==== SUPPLIED INFORMATION ====
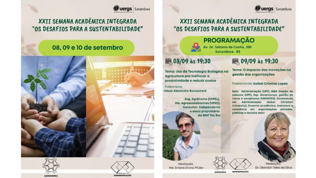 Participaram do Programa Estúdio Atualidades na manhã desta quinta-feira (04.09), Andreza Mueller - Presidente do Diretório Acadêmico da UERGS e Daniela Bais - Representante do Curso de Agronomia, na oportunidade as entrevistadas falaram sobre a XXII Semana Acadêmica da Uergs que acontece nos dias 08, 09 e 10 de Setembro.
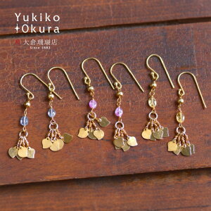 サファイアとゴールドのパーツを組み合わせたロングイヤリング・ピアス。サファイアの下には、変形のハートのようなキュートな形のゴールドパーツをフリンジタイプにして留めました。華奢なデザインにフリンジのボリューム感がプラス
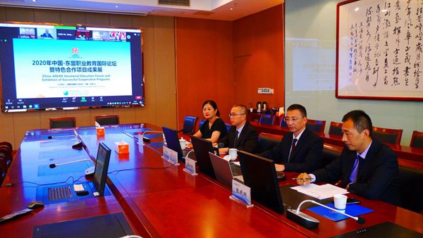 8月26日至27日,由中国教育国际交流协会与中国—东盟中心共同主办的“2020年中国—东盟职业教育国际论坛暨特色合作项目成果展”在线成功举办。来自中国与东盟各国教育行政部门、职业院校、行业企业及有关国际组织的300余名代表参会。永利集团龚方红校长、强伟纲副校长受邀参加会议,国际教育学院相关人员一同参会。
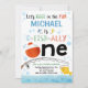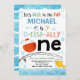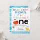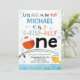 Una invitación de cumpleaños o-fish-almente, perfecta para una celebración con tema de pesca. Cuenta con tipografía en negrita, burbujas, peces dorados, flotador rojo, anzuelos y elementos de agua.
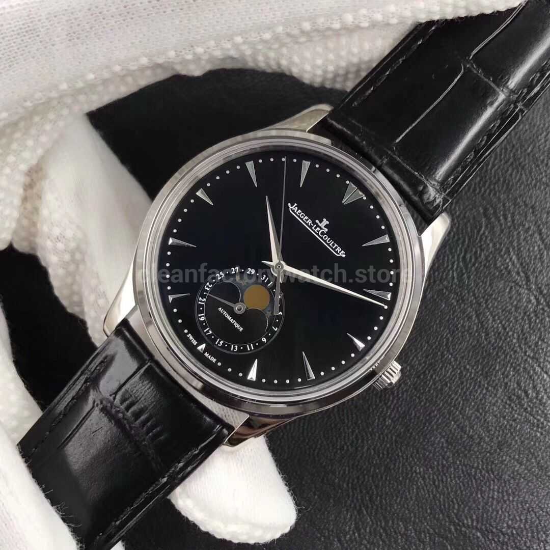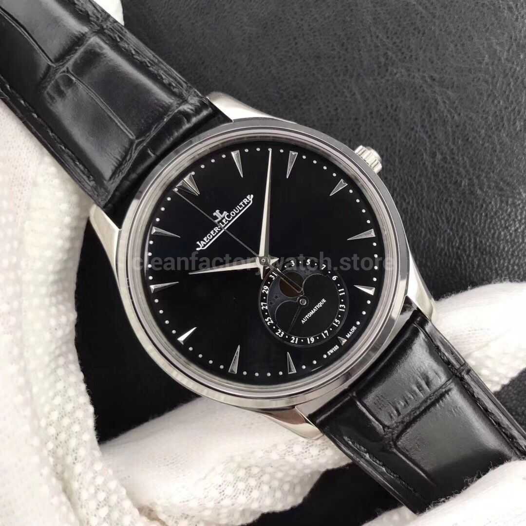 ZF Factory Jaeger-LeCoultre Master Ultra Thin Moon Q1368470 39mm Steel Leather Strap Black Dial
====
= HOW TO COMPLETE THIS TASK =
Write the material out again word for word and omit any images.

= COMPLETED EXERCISE =
 Participaram do Programa Estúdio Atualidades na manhã desta quinta-feira (04.09), Andreza Mueller - Presidente do Diretório Acadêmico da UERGS e Daniela Bais - Representante do Curso de Agronomia, na oportunidade as entrevistadas falaram sobre a XXII Semana Acadêmica da Uergs que acontece nos dias 08, 09 e 10 de Setembro.
 サファイアとゴールドのパーツを組み合わせたロングイヤリング・ピアス。サファイアの下には、変形のハートのようなキュートな形のゴールドパーツをフリンジタイプにして留めました。華奢なデザインにフリンジのボリューム感がプラス
 8月26日至27日,由中国教育国际交流协会与中国—东盟中心共同主办的“2020年中国—东盟职业教育国际论坛暨特色合作项目成果展”在线成功举办。来自中国与东盟各国教育行政部门、职业院校、行业企业及有关国际组织的300余名代表参会。永利集团龚方红校长、强伟纲副校长受邀参加会议,国际教育学院相关人员一同参会。
 Una invitación de cumpleaños o-fish-almente, perfecta para una celebración con tema de pesca. Cuenta con tipografía en negrita, burbujas, peces dorados, flotador rojo, anzuelos y elementos de agua.
 ZF Factory Jaeger-LeCoultre Master Ultra Thin Moon Q1368470 39mm Steel Leather Strap Black Dial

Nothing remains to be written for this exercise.